EXERCISE DIRECTIONS: From the data that follows, set down exactly the lines from the one with "Lumière naturelle, matériaux" through the one with "提醒你:正常健康成人每天大約", counting both. Pictures stay out.

EXERCISE INPUT:
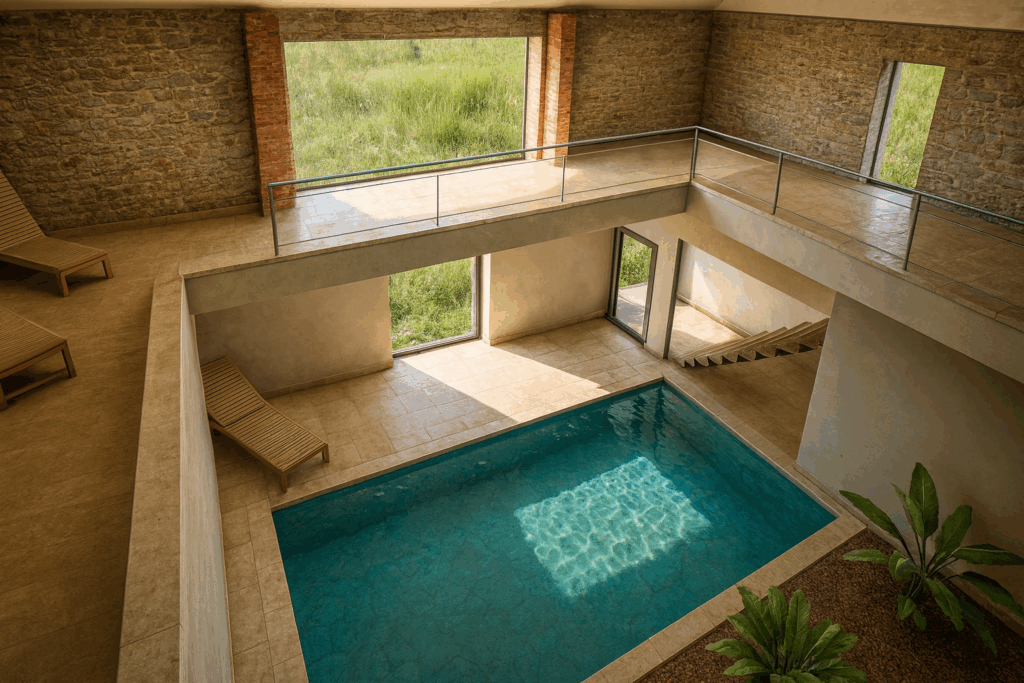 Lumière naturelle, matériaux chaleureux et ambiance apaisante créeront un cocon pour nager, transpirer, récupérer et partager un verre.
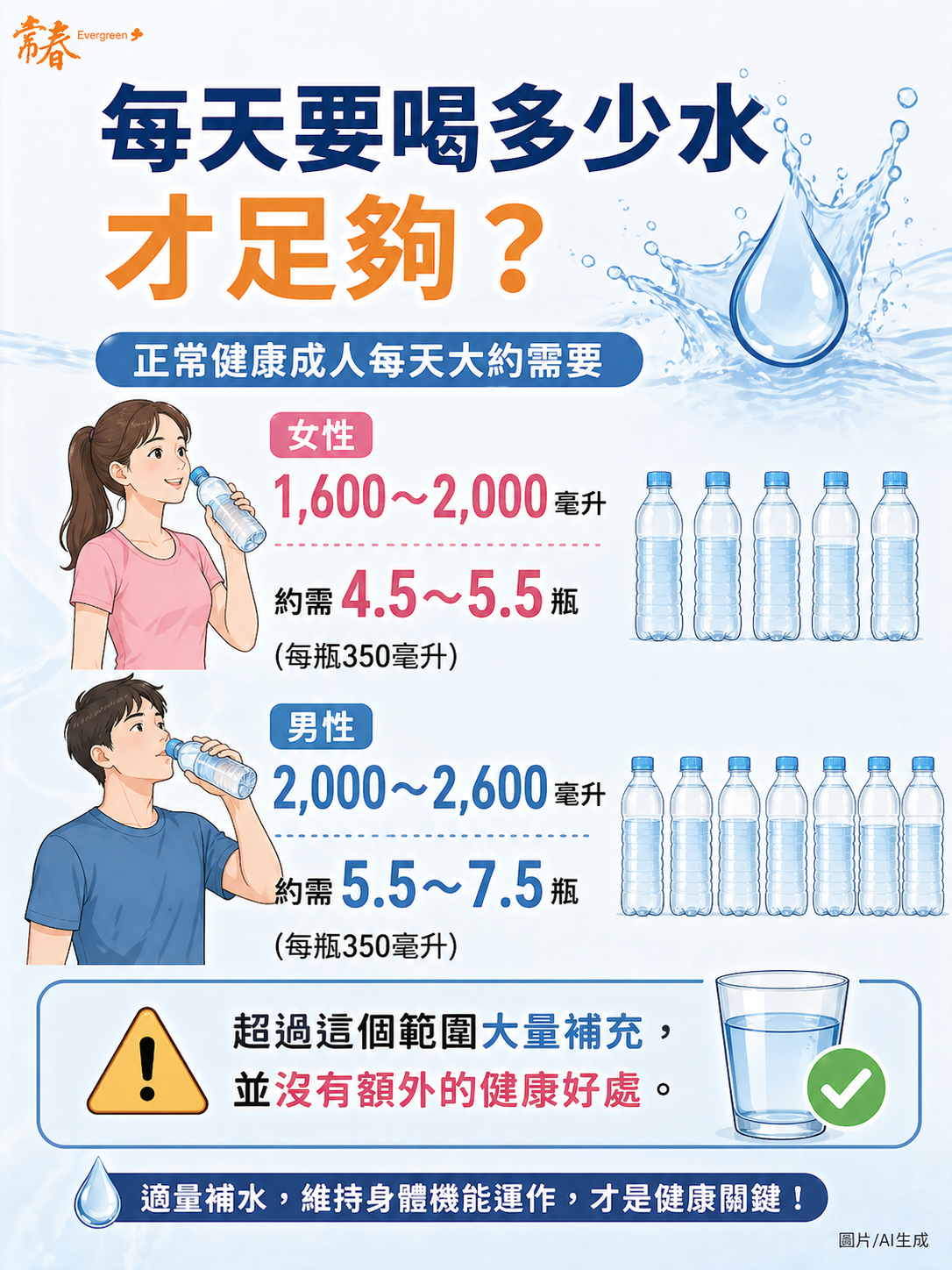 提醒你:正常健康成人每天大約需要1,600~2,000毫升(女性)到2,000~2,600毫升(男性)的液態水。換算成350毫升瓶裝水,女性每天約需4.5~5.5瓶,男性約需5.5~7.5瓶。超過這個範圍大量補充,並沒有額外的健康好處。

---

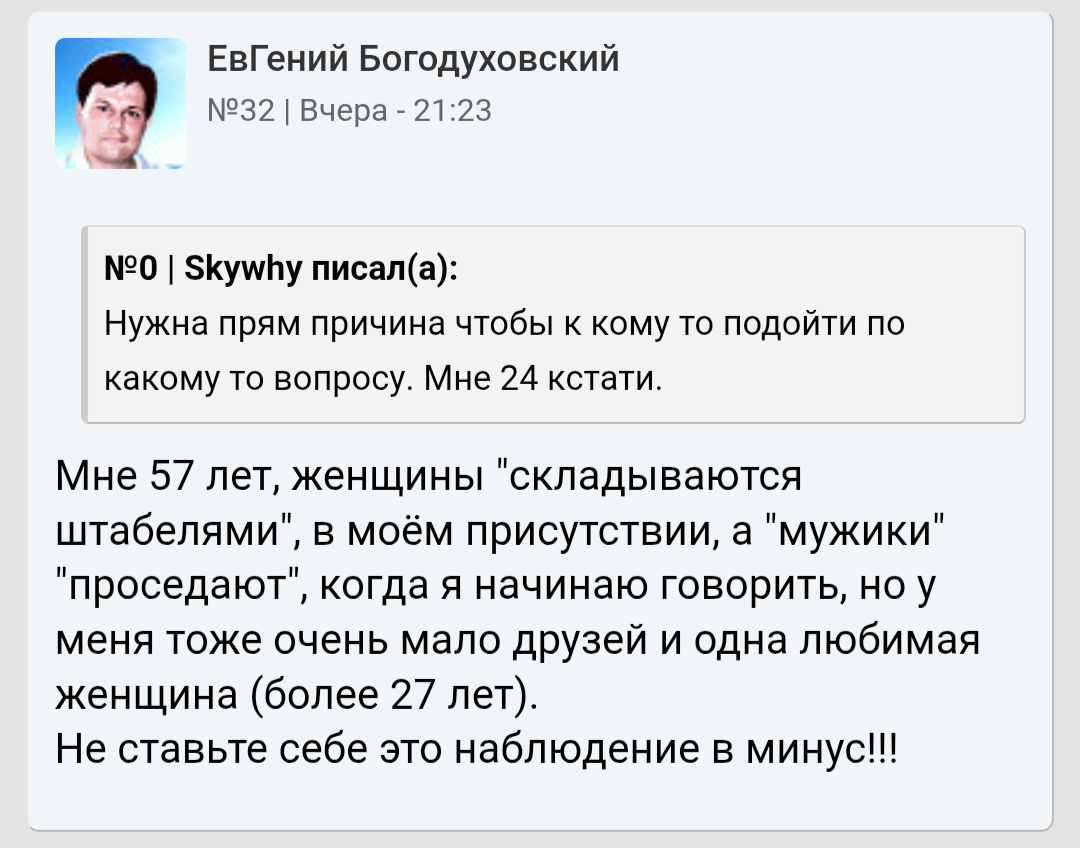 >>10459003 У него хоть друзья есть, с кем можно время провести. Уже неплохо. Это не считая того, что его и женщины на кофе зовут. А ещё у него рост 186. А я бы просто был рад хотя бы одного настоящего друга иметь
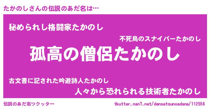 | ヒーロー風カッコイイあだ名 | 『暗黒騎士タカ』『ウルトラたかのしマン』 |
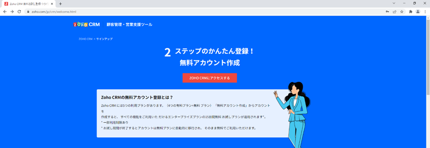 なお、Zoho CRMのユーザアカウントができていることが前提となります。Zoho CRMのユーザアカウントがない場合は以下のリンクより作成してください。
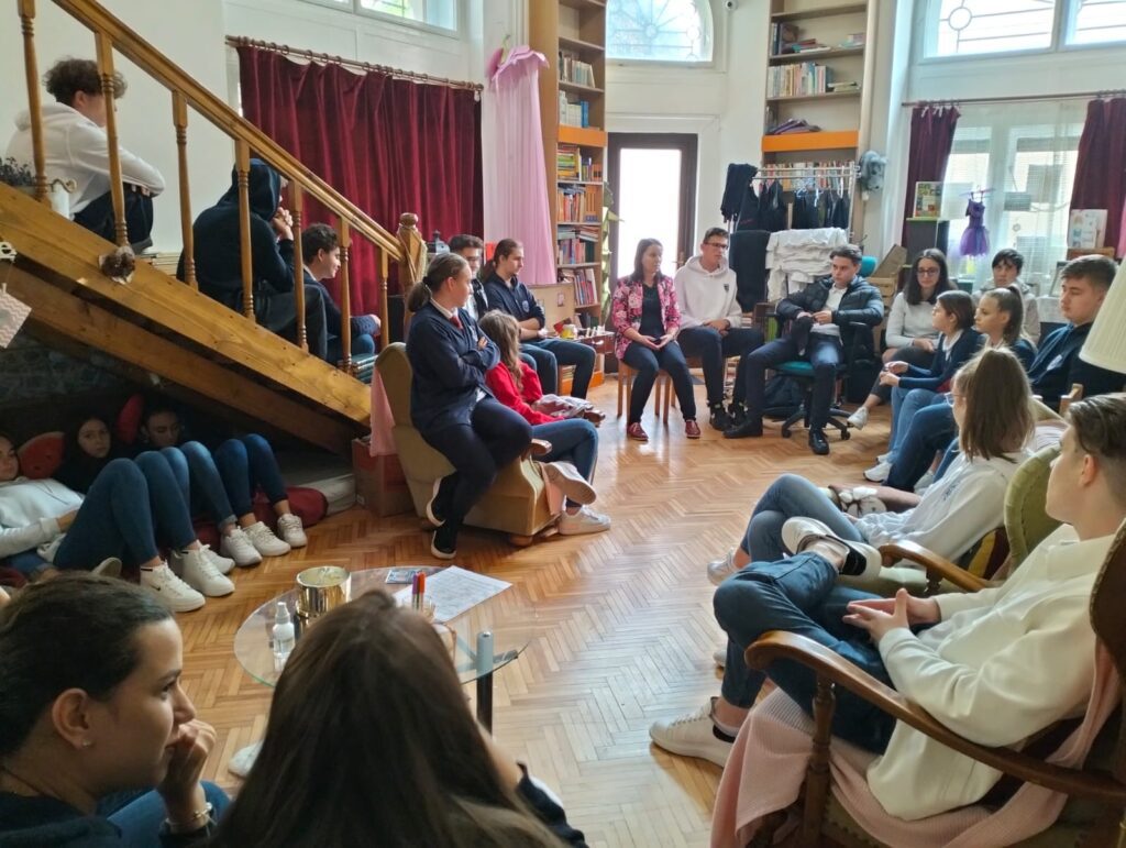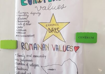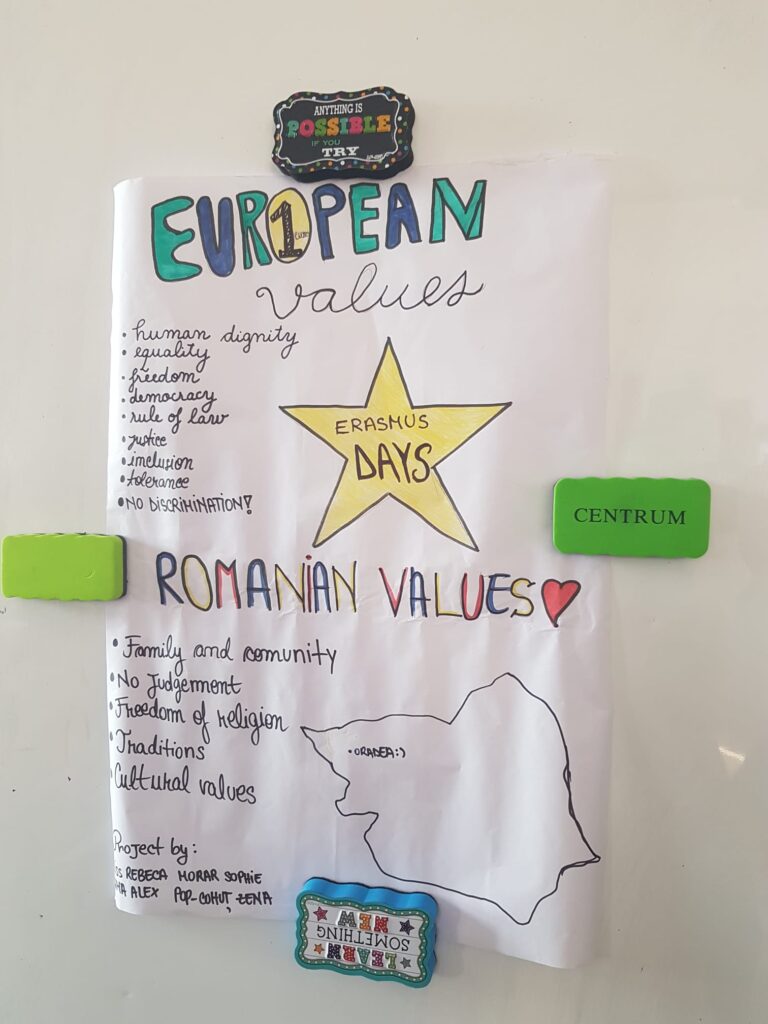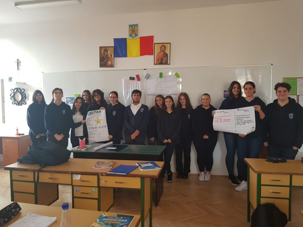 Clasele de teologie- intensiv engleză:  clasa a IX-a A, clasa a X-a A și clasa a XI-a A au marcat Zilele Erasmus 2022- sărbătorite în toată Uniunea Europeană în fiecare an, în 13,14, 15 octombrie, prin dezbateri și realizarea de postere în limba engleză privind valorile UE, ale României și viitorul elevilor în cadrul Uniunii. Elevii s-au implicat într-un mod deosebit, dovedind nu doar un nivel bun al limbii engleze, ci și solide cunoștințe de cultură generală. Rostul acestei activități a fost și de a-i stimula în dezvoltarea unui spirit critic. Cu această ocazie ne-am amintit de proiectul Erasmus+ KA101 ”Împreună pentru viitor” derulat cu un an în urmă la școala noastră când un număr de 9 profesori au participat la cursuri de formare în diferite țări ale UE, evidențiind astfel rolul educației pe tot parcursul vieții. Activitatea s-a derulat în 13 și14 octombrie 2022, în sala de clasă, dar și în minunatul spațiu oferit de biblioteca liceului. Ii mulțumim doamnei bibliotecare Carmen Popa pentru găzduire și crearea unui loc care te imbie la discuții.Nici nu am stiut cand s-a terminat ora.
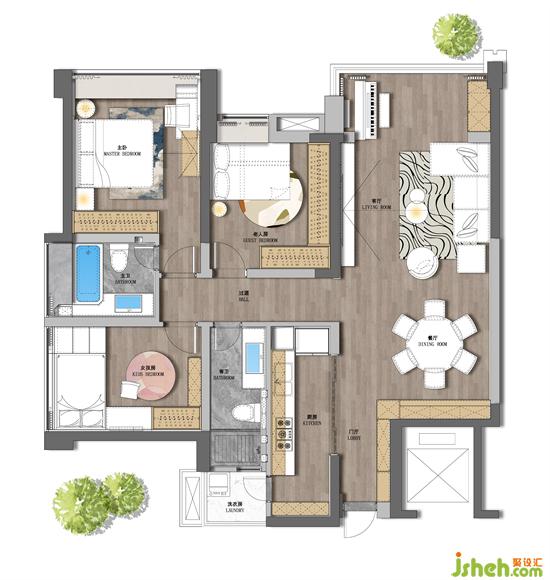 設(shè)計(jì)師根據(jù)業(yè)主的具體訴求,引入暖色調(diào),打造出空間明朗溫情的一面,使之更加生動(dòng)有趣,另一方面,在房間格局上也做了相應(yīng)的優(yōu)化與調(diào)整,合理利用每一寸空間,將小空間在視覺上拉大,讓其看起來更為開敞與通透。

WRITTEN REPLY:
 Lumière naturelle, matériaux chaleureux et ambiance apaisante créeront un cocon pour nager, transpirer, récupérer et partager un verre.
 提醒你:正常健康成人每天大約需要1,600~2,000毫升(女性)到2,000~2,600毫升(男性)的液態水。換算成350毫升瓶裝水,女性每天約需4.5~5.5瓶,男性約需5.5~7.5瓶。超過這個範圍大量補充,並沒有額外的健康好處。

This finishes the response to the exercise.